Khai had no time to look back toward the tents to see who stood there…and who didn’t… 

He shouted orders to his men to prepare them to meet another attack by the remaining Djinn.

Another, smaller burst of wind swept along their left flank, catching up the Djinn to blow those, too, out into the desert.

At least one of Isis’s priestesses was still alive. He wasn’t certain whether to be relieved or not.

What had happened?

Nebi spun, snarling in warning into the shadows as something rushed toward them. Khai turned to face the new threat.

The numbers of Djinn were so much fewer after that windstorm. Hope filled him.

A hail of arrows cut through the ghul and ifrit, decreasing those numbers even further, as cold iron swords drove back the sila. Whatever form they took, the iron in the steel of the swords was enough to daunt even them and the few Marid.

There was a chance they would survive.

To Irisi’s relief she could see the joined forces push back the remaining Djinn. It seemed to her that the Djinn sensed it, too. One minute they were there. The next they were gone.

Once more the army staggered, as bewildered at this sudden withdrawal as they had the last, everyone staring around looking for an enemy to fight.

The Djinn were gone.

For the moment, at least, it seemed it was over.

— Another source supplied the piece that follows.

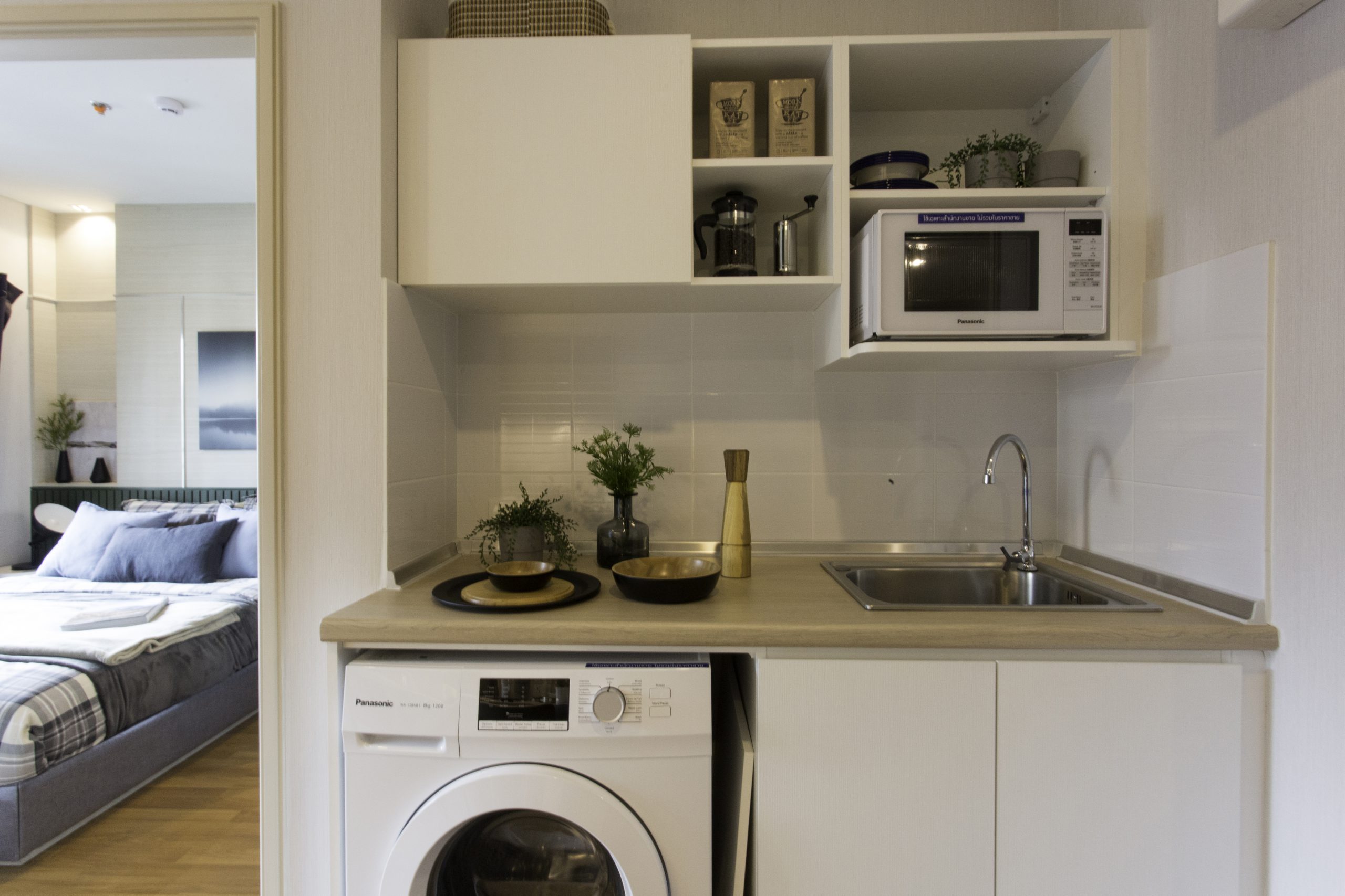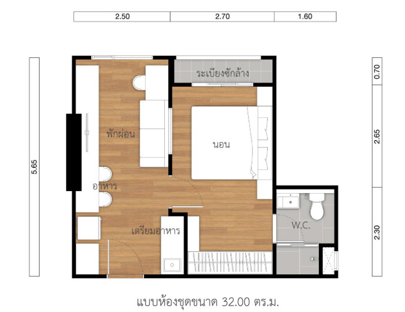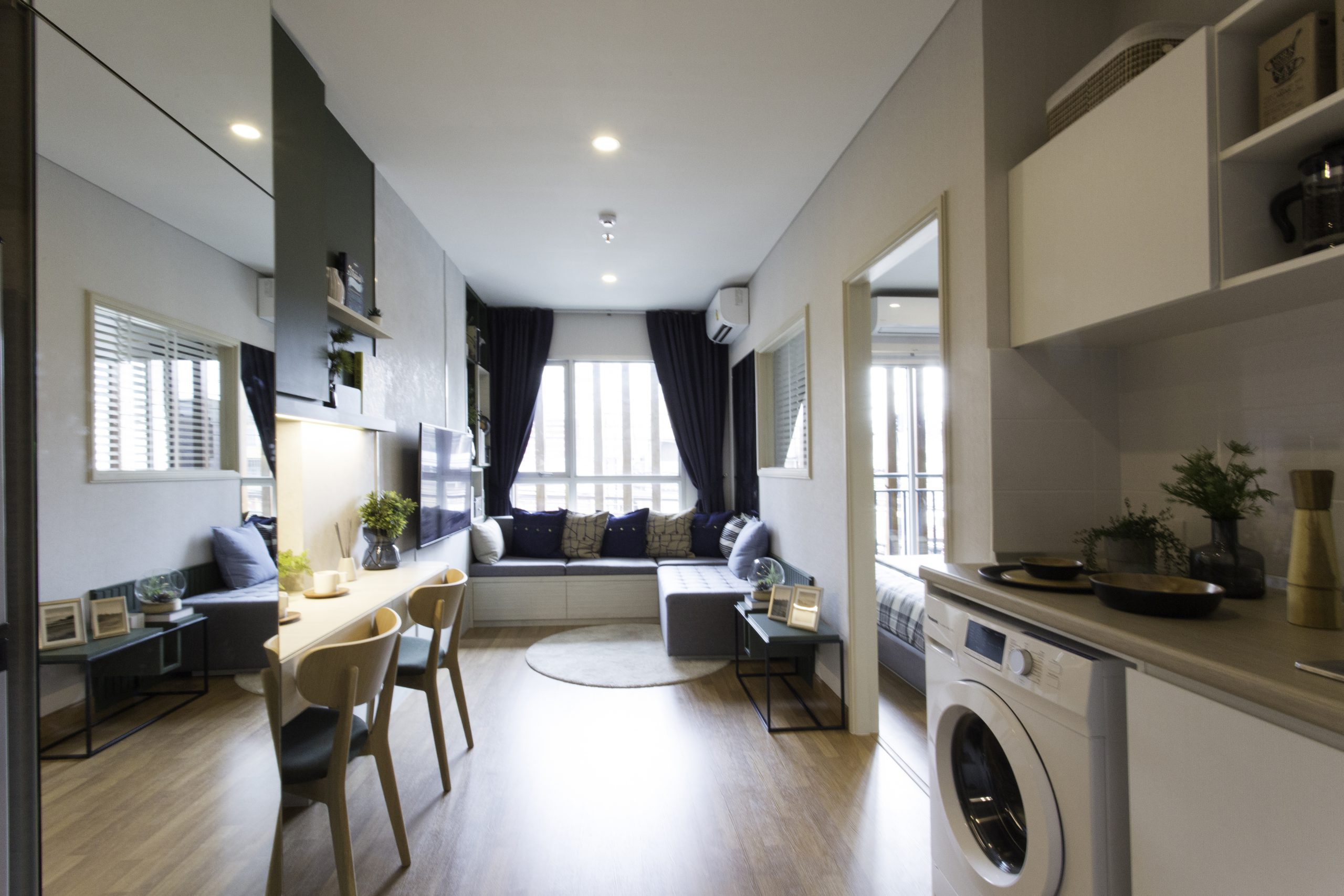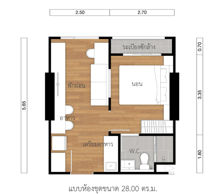 โครงการได้ออกแบบให้พื้นที่เตรียมอาหารและห้องน้ำอยู่โซนด้านหน้า และจัดพื้นที่พักผ่อนและห้องนอนเอาไว้ด้านในของห้อง เพื่อเชื่อมต่อกับภายนอก โดยสามารถจัดเป็นพื้นที่นั่งเล่นริมหน้าต่างในแบบ Bay Window ให้สามารถชมวิวทิวทัศน์ได้อย่างเต็มตา

Irisi felt scoured inside and out, as if she’d been turned inside out, as everything she’d known and much she hadn’t swept through her and from her, leaving her empty before knowledge flooded back into her, an enormous rush of it. It burned through her, searing, incredible… Faces. Dozens of them. Priestesses and Priests. Generations of knowledge, of spells and skill…

Opening her eyes, she looked down into Banafrit’s serene face. Banafrit’s dark eyes closed as the last of her life fled her.

Shock and grief rocked Irisi.

Exhausted, stunned, clutching Banafrit in her arms, Irisi looked out over the battered encampment.

Bodies were strewn everywhere. The wounded cried out softly and then with greater force as their pain penetrated. Horses wandered loose, trailing reins and the scraps of their chariots. Some of the soldiers stood in bewilderment, looking around in evident confusion and relief at the sudden withdrawal of their foe.

Irisi felt much the same.

To her relief she saw Kahotep get to his feet by his tent, Emu beside him watching warily as Djeserit reappeared from the shadows.

By the command tent chaos reigned with no one to give orders.

Khai. Irisi’s heart wrenched with fear.

Where was he? Or Baraka? She’d seen Akhom fall. Who now would command the armies?

She was nearly sick with fear and grief at the thought of another loss, her gaze searching the battlefield for a familiar form even as she rocked Banafrit in her arms.

A solitary figure stepped through the smoke and the shadows, making his way across the encampment. His waving black hair streamed down to his shoulders, his dark eyes were tinged with gold and he had a young lion at his heel.

Khai.

Irisi’s heart beat again. She very nearly wept.

She saw that he, too, looked around incredulously, as if trying to believe that, for the moment, it was over and he was alive.

Resolutely, Khai walked toward the tents situated on the rise. He had to know…

Then he saw her, Irisi’s golden hair a beacon in the silvery light, even as she saw him... His heart eased, the relief immense.